아예 접속자체가 불가능하다면 새로 xenserver를 설치한 후, 신규 설치된 xenserver
상태에서 백업 이미지를 통해 이전 xenserver 형태로 복구도 가능하다.

대신 xenserver os 가 설치된 sda 의 빈 공간을 SR로 잡은 경우 해당 SR은 초기화가
되어진다.

아래는 복구 방법이다.

호스트 역시 큰 백업 파일이 생기기 때문에 원격 CLI명령을 이용하여 실행한다.

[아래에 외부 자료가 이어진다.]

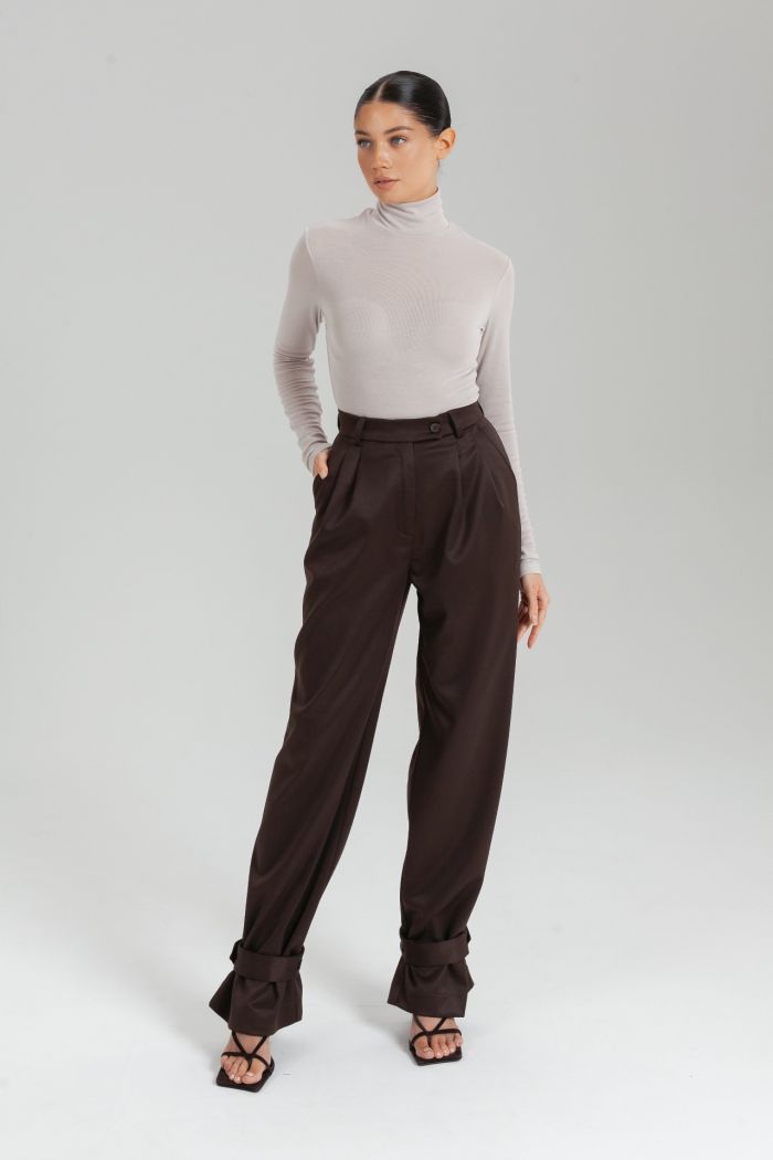 Брюки-палаццо со съемными защипами на щиколотке — универсальная модель-трансформер, которая позволяет менять силуэт от широкого расклешенного до аккуратного зауженного. Изготовлены из плотного материала, держат форму и обеспечивают комфорт в носке. Благодаря лаконичному крою и современной детали в виде хлястиков брюки легко вписываются как в деловой гардероб, так и в повседневные образы. Сочетайте с жакетом из коллекции.

# xe host-restore file-name=host.backup -s <master_ip> -u root -pw <password>
이렇게 복구가 완료된 후, 리부팅을 하고, install cd 를 넣고 부팅을 하면, 설치과정에
Restore from backup 메뉴가 나타난다. 해당 메뉴를 선택하면 자동으로 복구되고, 다시
리부팅을 하면 기존 xenserver 상태로 복구가 되어진다.

앞서 얘기한 바와 같이 새로 xenserver를 설치하고 복구한 경우에는 sda3 에 생성된
SR은 초기화된다. 그렇기 때문에 기존 SR 정보를 삭제하고, 다시 SR을 생성하여
사용하도록 한다. 실제 사용방법은 “SR 제거하기”를 참고하기 바란다.

– 원격 CLI 환경 구축

기본적으로 Xenserver 가 설치되면 해당 호스트에 대해 xe 명령으로 Xenserver관리를
할수 있다. 하지만 Xenserver가 설치되지 않은 일반 Linux 시스템에서 원격으로 xe
명령을 이용해야 하는 경우가 있다. (백업/복구)

이 경우 일반 Linux 시스템에 xe command 기능이 담겨 있는 xapi-xe 패키지를 설치하는
방법이다.

# yum install stunnel

Citrix Xenserver Install CD 혹은 ISO 파일을 마운트하여 Client_install 디렉토리에
가면 xe-cli 패키지가 있다. 해당 패키지를 설치한다.

# rpm -Uvh xe-cli-6.2.0-70442c.i686.rpm

이제 원격 XenServer에 xe cli 로 명령을 수행해 보자

[root@alang00 ~]# xe host-list -s 192.168.201.151 -u root -pw <password>
————————————————————————————–
uuid ( RO) : c9ee4819-0646-4ec0-a45e-7f4195d8da58
name-label ( RW): xen-alang
name-description ( RW): Default install of XenServer
————————————————————————————-

2. pGPU Passthrough 방법

XenServer 6.2 환경에서 Physical Graphic Board를 passthrough 하는 방법에 대해 알아보자

간단한 절차는 아래와 같다.

Xenserver 6.2 설치 > Hotfix XS62E004 적용 > Hotfix XS62ETP001 적용(GRID K 이용시) >
Nvidia-vgx-xenserver 설치 (GRID K 이용 시) > Windows 7 VM 생성 (생성 시 VM 자동 시작 안함) >
vGPU 생성 및 VM mapping > VM 에 Windows 7 운영체제 설치 > HP RGS설치 > NVIDIA GPU driver 설치

> Xentools 설치

Xenserver 6.2 에서 GPU Passthrough 하는 방법은 크게 2가지로 나눈다.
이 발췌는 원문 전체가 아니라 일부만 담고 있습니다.